‘Monster’ Cold-War Bridge Sparks Protests by Mosel Winemakers
Ernst Loosen’s family has made Riesling in the Mosel Valley for 200 years. The winemaker, who exports to 62 countries from Iceland to New Zealand, is enraged at plans for a giant road bridge across the river.
Regional politicians aim to build the 1.7-kilometer-long, 160-meter-high bridge across the unspoiled middle Mosel by 2016. At a cost of 330 million euros ($405 million), the bridge and road will feed traffic through a forest that provides water to steep, slate-soil slopes. Riesling grapes have grown on these slopes for 2,000 years, making some of the finest Mosel wines.
“This is the piece of the Mosel which is the most intact, which produces the most famous Rieslings,” Loosen said at his slate-roofed villa near the town of Bernkastel-Kues. “The vineyards have a reputation worldwide. This huge bridge spans the whole landscape. Our only chance is to fight, to make as much noise as possible.”
About a century ago, Mosel Rieslings were the most highly prized wines, valued even above French burgundy. Riesling is now back in fashion after years of what Loosen called taste “chardonnization” in the 1980s and 1990s. German wine sales to the U.S., the most important export market, tripled from 2002 to 95 million euros ($116 million at today’s exchange rate) in 2008. About 9 out of 10 bottles exported were Rieslings.
The area affected by the bridge, which will straddle the Mosel halfway between the villages of Uerzig and Rachtig, has the highest concentration of prime “erste Lage” vineyards, the German equivalent of the French “grand cru.”
“The Mosel Valley is an absolute gem, a most unusual jewel in the world’s wine landscape,” said Jancis Robinson, a British wine writer who has joined the campaign against the bridge. “It makes Rieslings that have an unrivaled delicacy.”
As a result of the bridge, “there will be digging, there will be pressure, water courses will be changed, there will be shadows cast,” she said in a telephone interview. All that could affect the wine, Robinson cautioned.
Loosen, his speech peppered with colorful expletives when talking about the bridge, agreed.
“They are ripping up our forest,” he said. “This forest is the water reservoir for the vineyards. If you seal the surface, water can’t get into the soil. We are already seeing drier vintages because of climate change. We need this forest, which works like a drip irrigation to feed the whole mountain.”

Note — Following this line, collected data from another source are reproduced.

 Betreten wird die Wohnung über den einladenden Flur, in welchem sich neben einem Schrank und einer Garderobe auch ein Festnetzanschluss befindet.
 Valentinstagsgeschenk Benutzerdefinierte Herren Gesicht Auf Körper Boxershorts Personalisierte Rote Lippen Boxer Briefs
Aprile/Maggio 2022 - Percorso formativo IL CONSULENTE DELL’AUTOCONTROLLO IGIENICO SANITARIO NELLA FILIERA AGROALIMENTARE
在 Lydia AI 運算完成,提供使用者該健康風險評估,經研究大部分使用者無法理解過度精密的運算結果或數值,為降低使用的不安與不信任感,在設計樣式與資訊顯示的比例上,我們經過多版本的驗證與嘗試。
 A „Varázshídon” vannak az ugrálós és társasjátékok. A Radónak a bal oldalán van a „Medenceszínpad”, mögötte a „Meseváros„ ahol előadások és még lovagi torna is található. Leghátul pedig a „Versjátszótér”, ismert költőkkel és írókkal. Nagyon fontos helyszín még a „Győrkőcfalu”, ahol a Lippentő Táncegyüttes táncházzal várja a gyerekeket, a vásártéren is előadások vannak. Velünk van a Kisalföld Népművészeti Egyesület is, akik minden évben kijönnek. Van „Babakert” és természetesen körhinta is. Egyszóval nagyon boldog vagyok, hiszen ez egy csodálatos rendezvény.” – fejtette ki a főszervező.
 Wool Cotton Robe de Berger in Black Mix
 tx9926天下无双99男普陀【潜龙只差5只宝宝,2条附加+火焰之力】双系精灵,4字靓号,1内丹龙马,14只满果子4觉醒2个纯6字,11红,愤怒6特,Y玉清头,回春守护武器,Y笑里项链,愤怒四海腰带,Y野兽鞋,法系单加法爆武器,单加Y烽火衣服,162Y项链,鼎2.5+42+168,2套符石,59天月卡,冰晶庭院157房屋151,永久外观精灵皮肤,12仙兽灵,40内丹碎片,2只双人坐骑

Hendrik Hering, the economy and transport minister of the state of Rhineland-Palatinate, argues that the bridge is needed to connect European highways. He said in an April 12 statement that he also expects “additional impetus” for the money-losing Frankfurt-Hahn airport. Through his spokesman Joachim Winkler, Hering declined to be interviewed, citing time constraints.
Heiner Monheim, a professor specializing in transport planning at the University of Trier, said the bridge and road are unnecessary. Existing autobahns provide faster access to Belgium and the Netherlands, he said. Some local car journeys will be shortened, though only by a few minutes, he said.
“This is nothing but a big, expensive project for the construction industry,” Monheim said by telephone. “The bridge is a monster -- maximum height, maximum length at a place where it has a devastating effect on the landscape.”
The bridge plan dates back to the Cold War era as part of a route for transporting military hardware between U.S. airbases, Monheim said. Construction was shelved several times over the years because of court cases assessing the impact on wildlife, and then because of financial constraints.
It was only with the collapse of Lehman Brothers Holdings Inc. that funds became available, Monheim said. The project had been on a wish list of road plans before that, and was rushed through as part of the federal government’s 2008 economic stimulus package after the crisis.
Rudolf Trossen, 55, took part in a tractor protest against the bridge in 1980. He has been in business in the Mosel Valley for 32 years and makes organic wine for customers including Noma in Copenhagen, which was voted the world’s best restaurant in the S. Pellegrino awards in April.
“No one believed the bridge would be built, it seemed too absurd,” Trossen said over a glass of his Schieferstern Riesling at the long dining table in his house in Kinheim- Kindel. “We thought it was dead in a coffin, and then it sprang out again, like a zombie. There is no longer much U.S. military here. The Russians went home a long time ago. Why are we building a road based on the military situation in 1960? It hurts to see this happening with my tax money.”
Letter to Merkel
Local campaigners, organized by a British resident of Uerzig called Sarah Washington, are stepping up their fight against the bridge. Washington is collecting signatures for a petition to parliament, has written an open letter to German Chancellor Angela Merkel and has arranged protest wine-tastings with prominent opponents, such as Joschka Fischer, a former foreign minister.
Loosen has printed 50,000 “stop-the-bridge labels” to hang around the necks of bottles from his estate sold in U.K. supermarkets including J Sainsbury Plc and Tesco Plc. More events are planned in the fall.
Even as the diggers move across the hillside opposite Uerzig, Loosen is confident it isn’t too late.
“With every day of this fight, I am more and more convinced that our chances are rising,” he said.